Integral $\int_0^{\pi/4}\log \tan x \frac{\cos 2x}{1+\alpha^2\sin^2 2x}dx=-\frac{\pi}{4\alpha}\text{arcsinh}\alpha$
Integrate by parts; then you get that
$$I(\alpha) = \left [\frac1{2 \alpha} \arctan{(\alpha \sin{2 x})} \log{(\tan{x})} \right ]_0^{\pi/4} - \int_0^{\pi/4} dx \frac{\arctan{(\alpha \sin{2 x})}}{\alpha \sin{2 x}}$$
The first term on the RHS is zero. To evaluate the integral, expand the arctan into a Taylor series and get
$$I(\alpha) = -\frac12 \sum_{k=0}^{\infty} \frac{(-1)^k}{2 k+1} \alpha^{2 k} \int_0^{\pi/2} du \, \sin^{2 k}{u} = -\frac{\pi}{4} \sum_{k=0}^{\infty} \frac{(-1)^k}{2 k+1} \binom{2 k}{k} \left (\frac{\alpha}{2} \right )^{2 k}$$
A little manipulation leads us to
$$\alpha I'(\alpha) +I(\alpha) = -\frac{\pi}{4} \sum_{k=0}^{\infty} (-1)^k \binom{2 k}{k} \left (\frac{\alpha}{2} \right )^{2 k} = -\frac{\pi}{4} \frac1{\sqrt{1+\alpha^2}}$$
The LHS is just $[\alpha I(\alpha)]'$, so the solution is
$$I(\alpha) = -\frac{\pi}{4} \frac{\operatorname{arcsinh}(\alpha)}{\alpha} $$
My first step is similar to Ron Gordon but then I took a different route.
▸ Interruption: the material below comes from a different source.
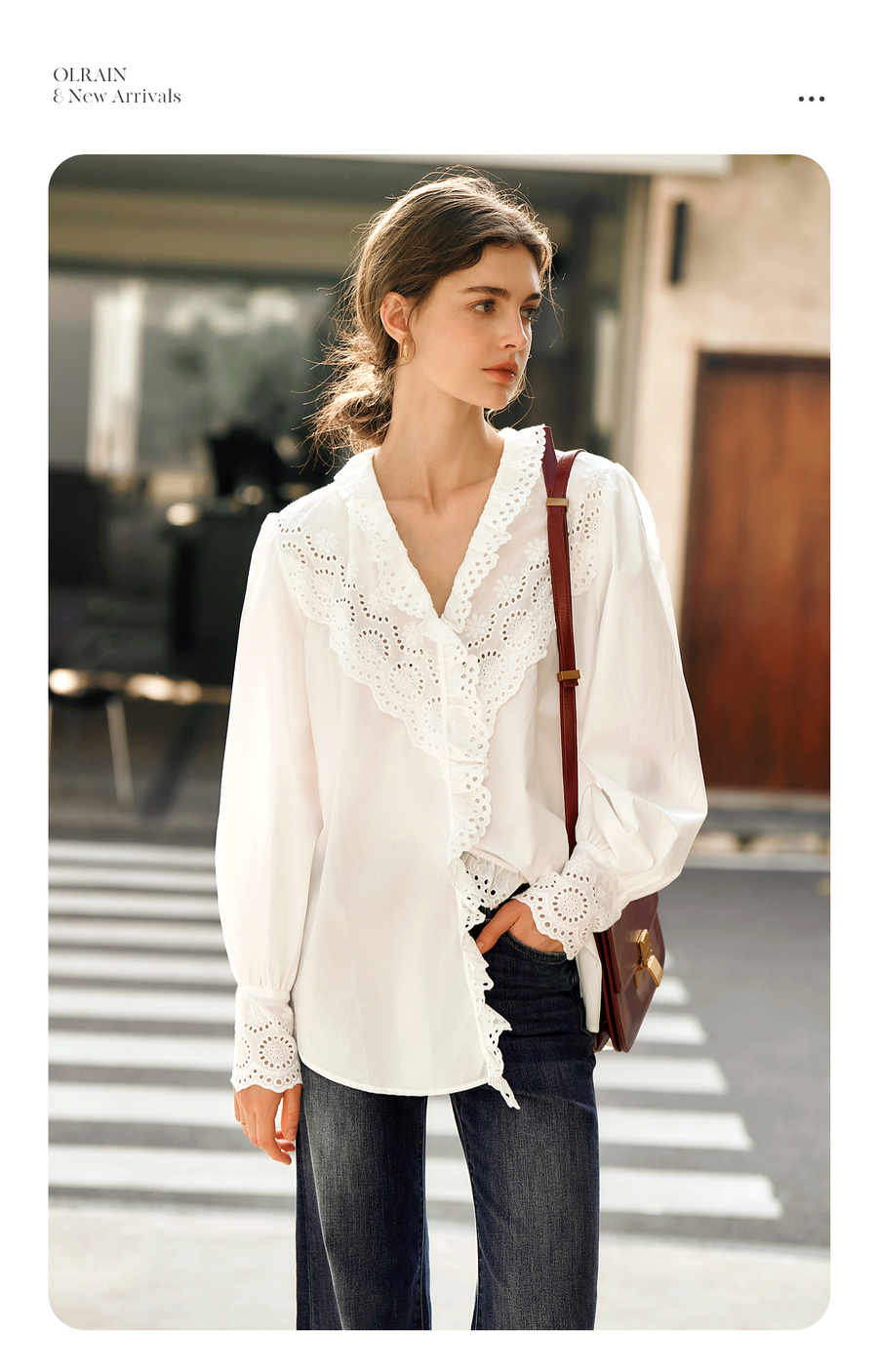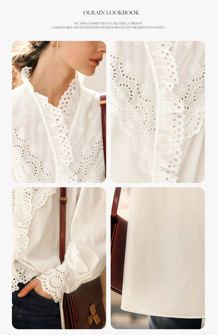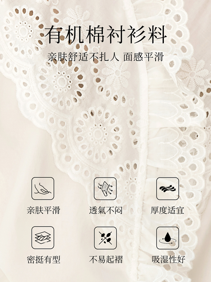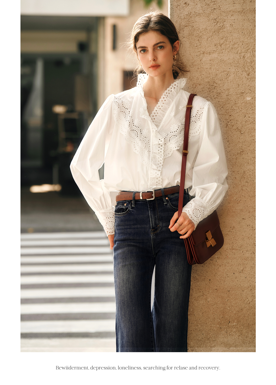 OLrain欧芮儿法式白色衬衫女冬季2024年新款荷叶领刺绣镂空衬衣

From integration by parts, the given integral can be written as: $$-\frac{1}{a}\int_0^{\pi/4} \frac{\arctan(\alpha \sin(2x))}{\sin (2x)}\,dx$$ Consider $$I(a)=\int_0^{\pi/4} \frac{\arctan(a \sin(2x))}{\sin (2x)}\,dx$$ Differentiate both the sides wrt $a$ to obtain: $$I'(a)=\int_0^{\pi/4} \frac{1}{1+a^2\sin^2(2x)}\,dx$$ Use the substitution $a\sin(2x)=t$ to obtain: $$I'(a)=\frac{1}{2}\int_0^a \frac{dt}{\sqrt{a^2-t^2}(1+t^2)}$$ Next use the substitution $t=a/y$ to get: $$I'(a)=\frac{1}{2}\int_1^{\infty} \frac{y}{\sqrt{y^2-1}(a^2+t^2)}\,dy$$ With yet another substitution which is $y^2-1=u^2$, $$I'(a)=\frac{1}{2}\int_0^{\infty} \frac{du}{u^2+a^2+1}$$ The final integral is trivial, hence: $$I'(a)=\frac{\pi}{4\sqrt{a^2+1}}$$ Integrate both sides wrt $a$ to get: $$I(a)=\frac{\pi}{4}\sinh^{-1}a+C$$ It is easy to see that $C=0$, hence with $a=\alpha$, $$-\frac{1}{a}\int_0^{\pi/4} \frac{\arctan(\alpha \sin(2x))}{\sin (2x)}\,dx=-\frac{\pi}{4\alpha}\sinh^{-1}\alpha$$ $\blacksquare$
I use on Ron's results from integrating by parts:
$$\alpha I(\alpha) = - \int_0^{\pi/4} dx \frac{\arctan{(\alpha \sin{2 x})}}{\sin{2 x}},$$
As an alternative way to complete the problem, use the method differentiating under the integral sign:
$$\frac{d}{d\alpha}(\alpha I(\alpha)) = -\int_{0}^{\pi/4}\frac{dx}{\alpha^2\sin^2{2x}+1}=-\frac{\pi}{4\sqrt{1+\alpha^2}}\\ \implies \alpha I(\alpha) = -\frac{\pi}{4}\int_{0}^{\alpha}\frac{d\tilde\alpha}{\sqrt{1+\tilde\alpha^2}} = -\frac{\pi}{4}\sinh^{-1}{\alpha}.$$